As alternativas apresentadas pelo capitalismo (tal e qual o mercado de direitos de poluir, seqüestro de carbono, biocarburantes, energia nuclear etc.), segundo Löwy, não curam a ferida de uma humanidade em vias de extinção. "O problema do aquecimento global é gigantesco e exige respostas radicais: mudança da estrutura do sistema energético, substituição dos combustíveis fósseis pela energia eólica e solar, transformação radical do aparelho produtivo e dos padrões de consumo capitalistas. Em outras palavras, será necessária uma mudança do paradigma de civilização e uma planificação socialista, democrática e ecológica da economia", pondera.

Países hegemônicos não respeitam compromissos assumidos

Em 1990, a Organização das Nações Unidas (ONU) promoveu a Convenção – Quadro sobre a Mudança de Clima, onde se definiu que os países industrializados deveriam diminuir em 5,2% a emissão de gás carbônico (CO²) para o atmosfera. Em 1997, o compromisso foi regulamentado na Convenção de Kyoto. Porém, os países dominantes encontraram uma forma de inverter o jogo a seu favor.

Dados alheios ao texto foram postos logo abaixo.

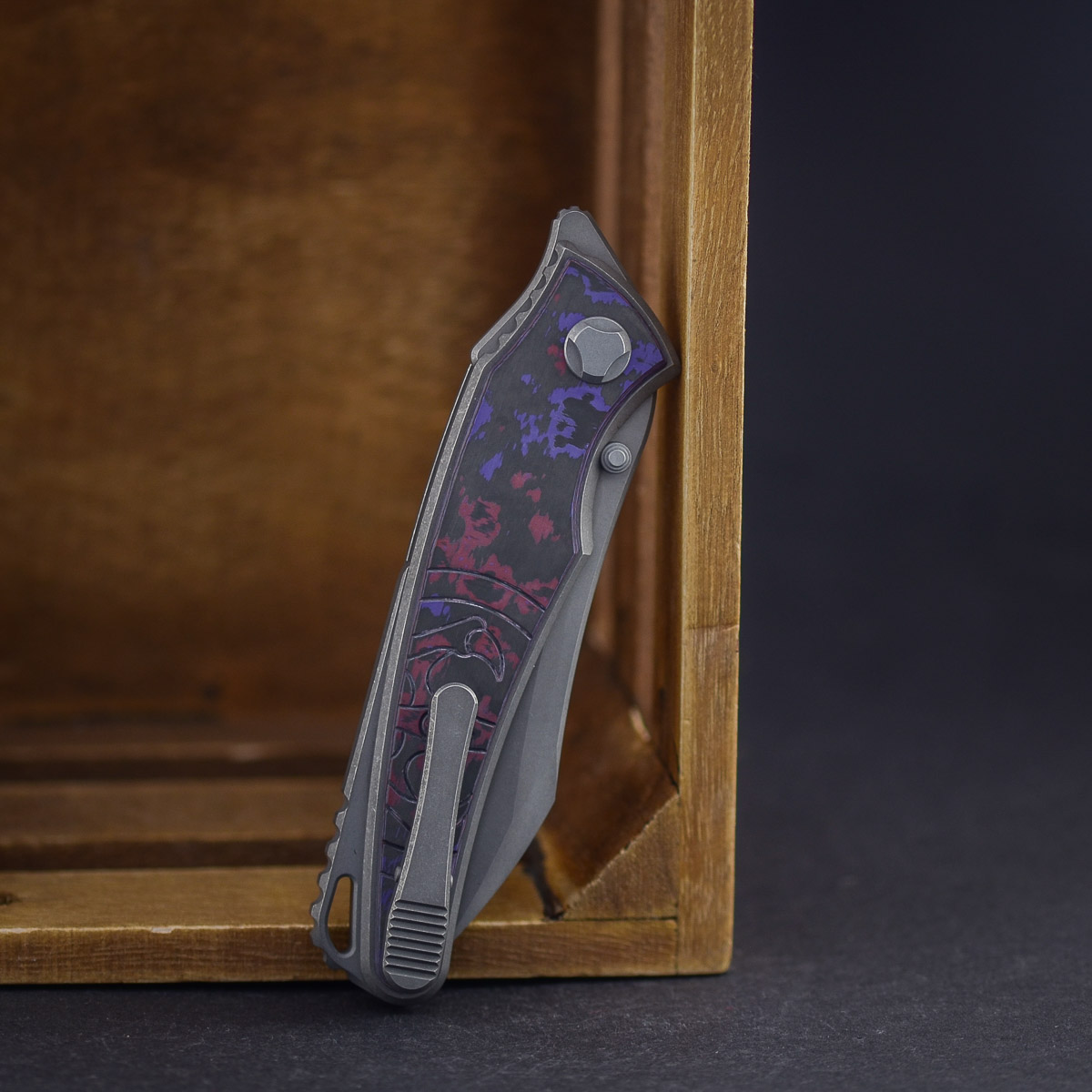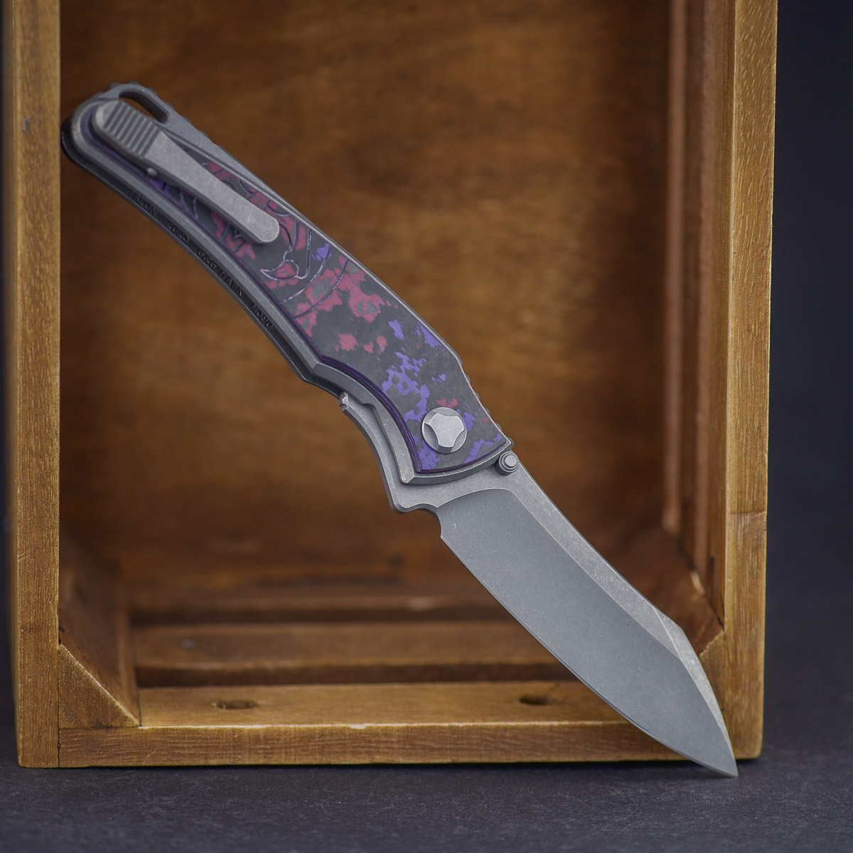 Die Klinge aus Böhler M390 liefert maximale Schnitthaltigkeit und Korrosionsbeständigkeit. Der Titan-Frame wirkt stabil, bleibt dabei aber leicht und perfekt ausbalanciert. Jede Linie, jede Kante ist sauber gearbeitet, nichts steht über – es ist ein Messer, das einfach stimmt.
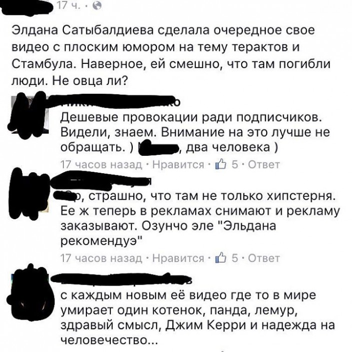 По словам Эльданы, она не думала, что "видос воспримут так отрицательно". "Не буду ничего говорить в свое оправдание, вначале, конечно, я сама возмутилась типа: "Я же детей не насилую, щенков не режу. Что плохого я сделала?" А потом поняла, что, скорее всего, реально перегнула палку (у меня частенько такое бывает). Наверное, в силу моей недалекости и странного чувства юмора, мне эта идея для видео показалась смешной. У людей горе, а я, сволочь, как всегда стебу всех. Я тут хотела извиниться перед жителями Турции, но поняла, что они даже меня не фолловят, и им вообще по барабану на мой профиль. Ну так вот, ребята, извинюсь перед вами, перед всеми, кого это видео задело, и перед мамами, чьих детей я, возможно, порчу. Я говорю это без сарказма, просто серьезно я получаю столько отзывов именно от мам, типа подаю плохой пример. Я делаю это не специально, просто такой вот я человек", - написала она.
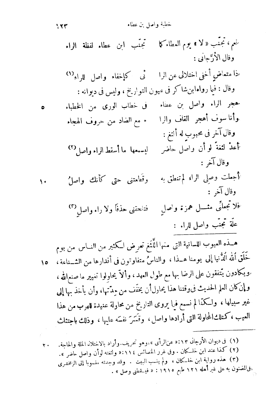 علة تجنب واصل للراء: هذه العيوب اللسانية التي منها اللثغ تعرض لكثير من الناس من يوم خلق الله الدنيا إلى يومنا هذا، والناس متفاوتون في أقدارها من الشفاعة، ويكادون يتفقون على الرضا بها مع طول العهد، وألا يحاولوا تغيير ما صنع الله، وإن كان العلم الحديث في وقتنا هذا يحاول أن يخفف من حدتها، وأن يأخذ بها إلى غير سبيلها، ولكنا لم نسمع فيما يروى في التاريخ من محاولة عنيدة للهرب من هذا العيب، كتلك المحاولة التي أرادها واصل، وقسر نفسه عليها، وذلك باجتثاث
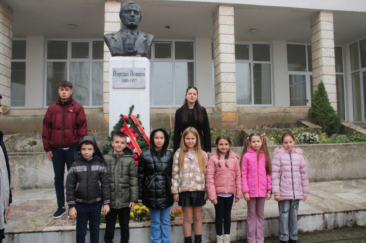 Празничният ден започна с поднасяне на венец пред паметника на Йордан Йовков в двора на училището – жест на признателност към живота и творчеството на писателя, оставил ярка следа в националната ни литература.
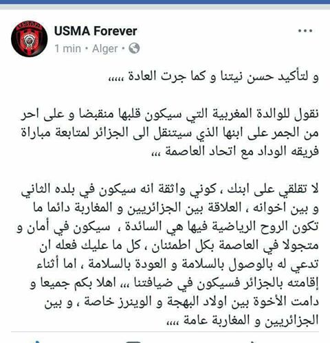 وفي تدوينة مثيرة قالت جماهير الفريق الجزائري : " ولتأكيد حسن نيتنا و كما جرت العادة، نقول للوالدة المغربية التي سيكون قلبها منقبضا و على احر من الجمر على ابنها الذي سينتقل إلى الجزائر لمتابعة مباراة فريقه الوداد مع اتحاد العاصمة ، لا تقلقي على ابنك ، كوني واثقة انه سيكون في بلده الثاني وبين إخوانه ، العلاقة بين الجزائريين و المغاربة دائما ما تكون الروح الرياضية فيها هي السائدة ، سيكون في أمان و متجولا في العاصمة بكل اطمئنان ، كل ما عليك فعله أن تدعي له بالوصول بالسلامة والعودة بالسلامة ، أما أثناء إقامته بالجزائر فسيكون في ضيافتنا ، اهلا بكم جميعا ودامت الأخوة بين أولاد البهجة و الوينرز خاصة ، و بين الجزائريين و المغاربة عامة.
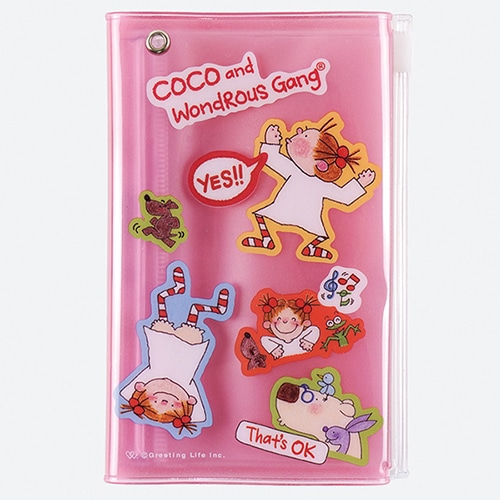 きちんと整理収納できるTIDYシリーズから、鞄の中で見失いがちな小さなものにちまちま仕分けられるミニポーチのココちゃんの新柄登場。表紙のスライダーポーチと、中の4つのジップポケットできちんと整理。シールや付箋など手帳のデコ用品にも、薬や絆創膏などの常備薬入れにもぴったりです。ハトメでパチンとコンパクトにできます。ジップポケット4枚・表紙スライダーポーチ・カードポケット付。
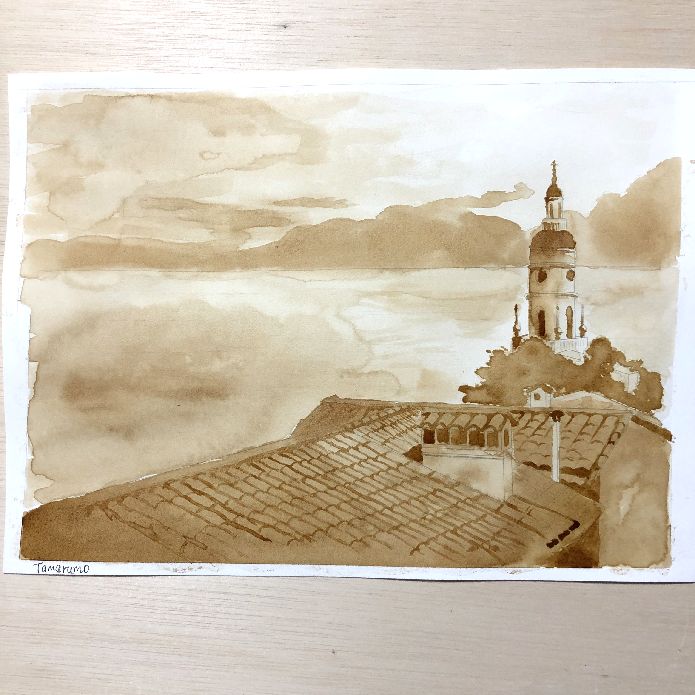 絵の具より手軽ですし、コーヒーの香りに癒されます!
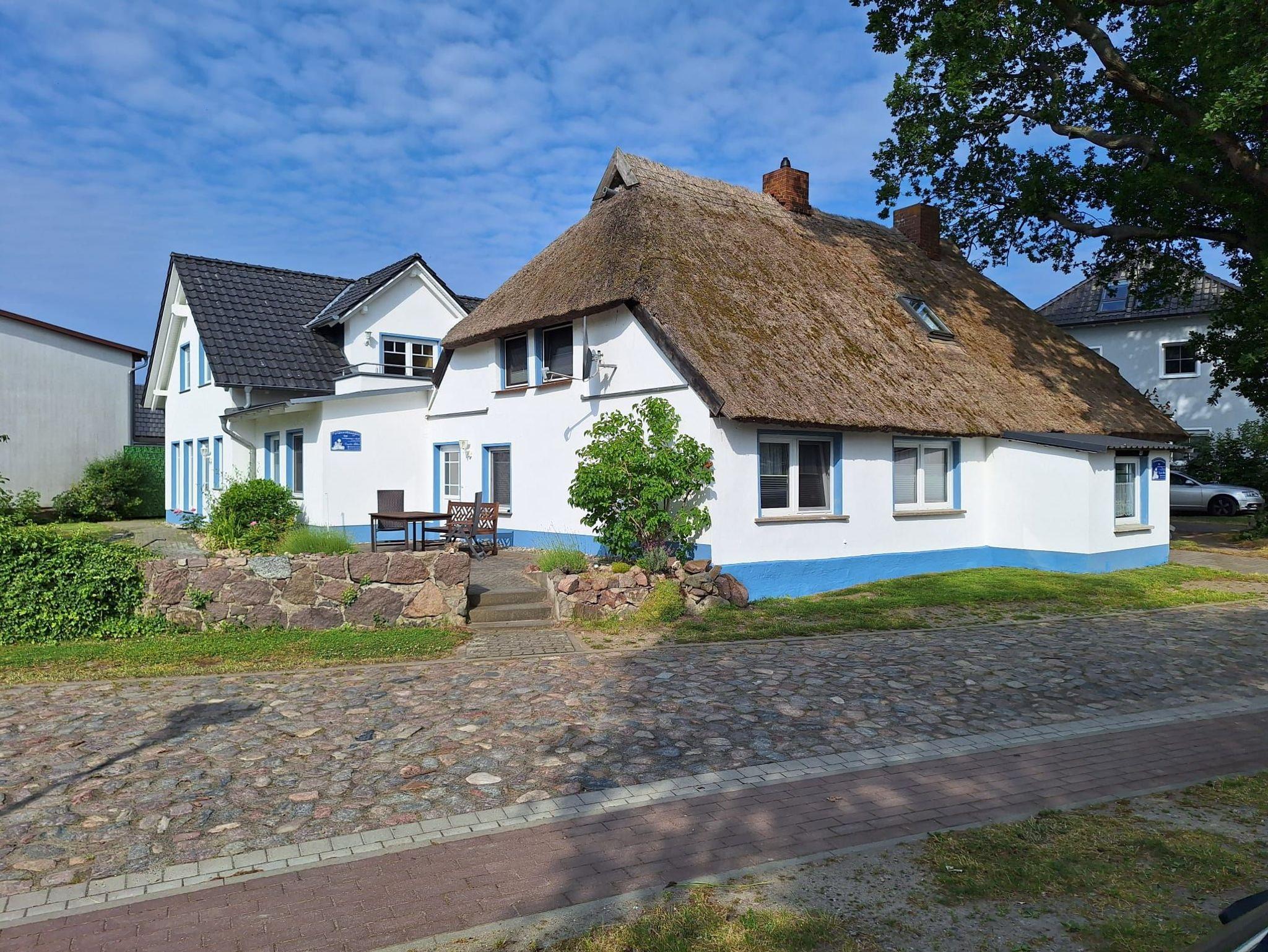 Wir bieten Ihnen in der oberen Etage des reetgedeckten Fischerhauses eine ca. 40m² große Ferienwohnung und ein Apartement (40m²) sowie im neuen Haus eine Ferienwohnung mit Terrasse und eine mit Balkon. (beide ca. 40m² groß ).

Ao invés de criar instrumentos públicos para diminuir a emissão de poluentes, adotaram os Mecanismos de Desenvolvimento Limpo (MDL). Com isso, o direito de não poluir podia ser comprado na bolsa de valores, permitindo assim que as transnacionais seguissem poluindo em suas zonas industriais, dentro ou fora dos países de origem. Tal política é conhecida como "seqüestro de carbono".

Porém, em meio a isso, os meios de comunicação se voltam para a análise do ex-candidato à Presidência dos Estados Unidos, Al Gore, para quem os empresários podem fazer da preservação do planeta mais uma chance para fechar um bom negócio.